Using polars.concat_str
and map_elements
If you need to use your own hashing solution, then I recommend using the polars.concat_str
function to concatenate the values in each row to a string. From the documentation:
polars.concat_str(exprs: Union[Sequence[Union[polars.internals.expr.Expr, str]], polars.internals.expr.Expr], sep: str = '') → polars.internals.expr.Expr
Horizontally Concat Utf8 Series in linear time. Non utf8 columns are cast to utf8.

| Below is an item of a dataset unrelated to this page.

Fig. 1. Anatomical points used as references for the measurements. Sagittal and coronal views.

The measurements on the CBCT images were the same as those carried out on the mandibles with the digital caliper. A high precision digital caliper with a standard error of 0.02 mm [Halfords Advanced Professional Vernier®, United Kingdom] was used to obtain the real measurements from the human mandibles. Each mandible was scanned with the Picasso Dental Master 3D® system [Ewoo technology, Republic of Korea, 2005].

So, for example, here is the resulting concatenation on our dataset.
df.with_columns(
pl.concat_str(pl.all()).alias('concatenated_cols')
)
shape: (4, 6)
┌─────────┬───────────┬──────────┬────────────┬────────────┬────────────────────────────────┐
│ col_int ┆ col_float ┆ col_bool ┆ col_str ┆ col_date ┆ concatenated_cols │
│ --- ┆ --- ┆ --- ┆ --- ┆ --- ┆ --- │
│ i64 ┆ f64 ┆ bool ┆ str ┆ date ┆ str │
╞═════════╪═══════════╪══════════╪════════════╪════════════╪════════════════════════════════╡
│ 1 ┆ 10.0 ┆ true ┆ 2020-01-01 ┆ 2020-01-01 ┆ 110.0true2020-01-012020-01-01 │
│ 2 ┆ 20.0 ┆ false ┆ 2020-01-01 ┆ 2020-01-01 ┆ 220.0false2020-01-012020-01-01 │
│ 3 ┆ 30.0 ┆ true ┆ 2020-01-01 ┆ 2020-01-01 ┆ 330.0true2020-01-012020-01-01 │
│ 4 ┆ 40.0 ┆ false ┆ 2020-01-01 ┆ 2020-01-01 ┆ 440.0false2020-01-012020-01-01 │
└─────────┴───────────┴──────────┴────────────┴────────────┴────────────────────────────────┘
Taking the next step and using the map_elements
method and your function would yield:
df.with_columns(
pl.concat_str(pl.all()).map_elements(hash_row).alias('hash')
)
shape: (4, 6)
┌─────────┬───────────┬──────────┬────────────┬────────────┬─────────────────────────────────────┐
│ col_int ┆ col_float ┆ col_bool ┆ col_str ┆ col_date ┆ hash │
│ --- ┆ --- ┆ --- ┆ --- ┆ --- ┆ --- │
│ i64 ┆ f64 ┆ bool ┆ str ┆ date ┆ str │
╞═════════╪═══════════╪══════════╪════════════╪════════════╪═════════════════════════════════════╡
│ 1 ┆ 10.0 ┆ true ┆ 2020-01-01 ┆ 2020-01-01 ┆ 1826eb9c6aeb0abcdd2999a76eee576e... │
│ 2 ┆ 20.0 ┆ false ┆ 2020-01-01 ┆ 2020-01-01 ┆ ea50f5b11957bfc92b5ab7545b3ac12c... │
│ 3 ┆ 30.0 ┆ true ┆ 2020-01-01 ┆ 2020-01-01 ┆ eef039d8dedadcc282d6fa9473e071e8... │
│ 4 ┆ 40.0 ┆ false ┆ 2020-01-01 ┆ 2020-01-01 ┆ dcc5c57e0b5fdf15320a84c6839b0e3d... │
└─────────┴───────────┴──────────┴────────────┴────────────┴─────────────────────────────────────┘
Please remember that any time Polars calls external libraries or runs Python bytecode, you are subject to the Python GIL, which means single-threaded performance - no matter how you code it. From the Polars User Guide section Do Not Kill The Parallelization!:
We have all heard that Python is slow, and does "not scale." Besides the overhead of running "slow" bytecode, Python has to remain within the constraints of the Global Interpreter Lock (GIL). This means that if you were to use a lambda or a custom Python function to apply during a parallelized phase, Polars speed is capped running Python code preventing any multiple threads from executing the function.
This all feels terribly limiting, especially because we often need those lambda functions in a .groupby() step, for example. This approach is still supported by Polars, but keeping in mind bytecode and the GIL costs have to be paid.
To mitigate this, Polars implements a powerful syntax defined not only in its lazy API, but also in its eager API.